[Data items]
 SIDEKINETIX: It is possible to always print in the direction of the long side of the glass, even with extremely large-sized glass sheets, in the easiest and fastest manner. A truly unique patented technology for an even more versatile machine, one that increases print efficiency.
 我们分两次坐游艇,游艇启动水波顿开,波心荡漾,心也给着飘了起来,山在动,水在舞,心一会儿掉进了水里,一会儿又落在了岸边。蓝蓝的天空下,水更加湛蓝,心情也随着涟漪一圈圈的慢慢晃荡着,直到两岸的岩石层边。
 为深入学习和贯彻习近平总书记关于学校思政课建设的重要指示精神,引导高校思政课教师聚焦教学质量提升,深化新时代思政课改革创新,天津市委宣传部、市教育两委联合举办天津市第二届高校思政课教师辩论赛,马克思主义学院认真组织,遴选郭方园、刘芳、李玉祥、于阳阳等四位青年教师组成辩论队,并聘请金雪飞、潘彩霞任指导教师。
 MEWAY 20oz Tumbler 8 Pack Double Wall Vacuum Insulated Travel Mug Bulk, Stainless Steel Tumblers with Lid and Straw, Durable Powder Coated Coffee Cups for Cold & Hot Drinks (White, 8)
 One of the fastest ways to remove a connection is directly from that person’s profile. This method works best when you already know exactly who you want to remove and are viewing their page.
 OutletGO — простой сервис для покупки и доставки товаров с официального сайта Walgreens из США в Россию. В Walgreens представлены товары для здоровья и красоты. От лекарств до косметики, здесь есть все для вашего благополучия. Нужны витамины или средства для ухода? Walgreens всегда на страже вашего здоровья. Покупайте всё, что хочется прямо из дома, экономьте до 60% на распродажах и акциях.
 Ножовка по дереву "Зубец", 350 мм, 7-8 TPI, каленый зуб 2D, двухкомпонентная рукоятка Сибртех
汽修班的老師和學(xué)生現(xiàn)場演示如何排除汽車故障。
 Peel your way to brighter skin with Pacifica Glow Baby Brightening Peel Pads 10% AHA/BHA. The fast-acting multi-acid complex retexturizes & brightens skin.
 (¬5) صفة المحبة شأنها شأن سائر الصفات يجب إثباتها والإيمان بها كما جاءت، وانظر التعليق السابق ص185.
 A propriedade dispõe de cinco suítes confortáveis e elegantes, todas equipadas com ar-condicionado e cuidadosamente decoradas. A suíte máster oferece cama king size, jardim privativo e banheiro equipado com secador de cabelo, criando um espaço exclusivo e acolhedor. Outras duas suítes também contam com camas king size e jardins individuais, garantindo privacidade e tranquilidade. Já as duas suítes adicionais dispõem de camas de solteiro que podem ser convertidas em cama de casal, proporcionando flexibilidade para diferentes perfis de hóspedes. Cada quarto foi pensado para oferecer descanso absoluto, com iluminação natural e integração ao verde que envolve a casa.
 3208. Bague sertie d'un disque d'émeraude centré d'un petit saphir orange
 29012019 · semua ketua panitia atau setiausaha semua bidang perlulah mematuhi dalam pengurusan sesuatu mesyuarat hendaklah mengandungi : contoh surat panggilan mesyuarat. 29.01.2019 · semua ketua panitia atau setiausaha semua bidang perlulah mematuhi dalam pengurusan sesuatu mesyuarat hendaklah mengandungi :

Work to be completed
The lines above starting at the one that contains "Peel your way" and ending at the one that contains "A propriedade dispõe" must be transcribed exactly, and no other lines may appear.

Output for this exercise
 Peel your way to brighter skin with Pacifica Glow Baby Brightening Peel Pads 10% AHA/BHA. The fast-acting multi-acid complex retexturizes & brightens skin.
 (¬5) صفة المحبة شأنها شأن سائر الصفات يجب إثباتها والإيمان بها كما جاءت، وانظر التعليق السابق ص185.
 A propriedade dispõe de cinco suítes confortáveis e elegantes, todas equipadas com ar-condicionado e cuidadosamente decoradas. A suíte máster oferece cama king size, jardim privativo e banheiro equipado com secador de cabelo, criando um espaço exclusivo e acolhedor. Outras duas suítes também contam com camas king size e jardins individuais, garantindo privacidade e tranquilidade. Já as duas suítes adicionais dispõem de camas de solteiro que podem ser convertidas em cama de casal, proporcionando flexibilidade para diferentes perfis de hóspedes. Cada quarto foi pensado para oferecer descanso absoluto, com iluminação natural e integração ao verde que envolve a casa.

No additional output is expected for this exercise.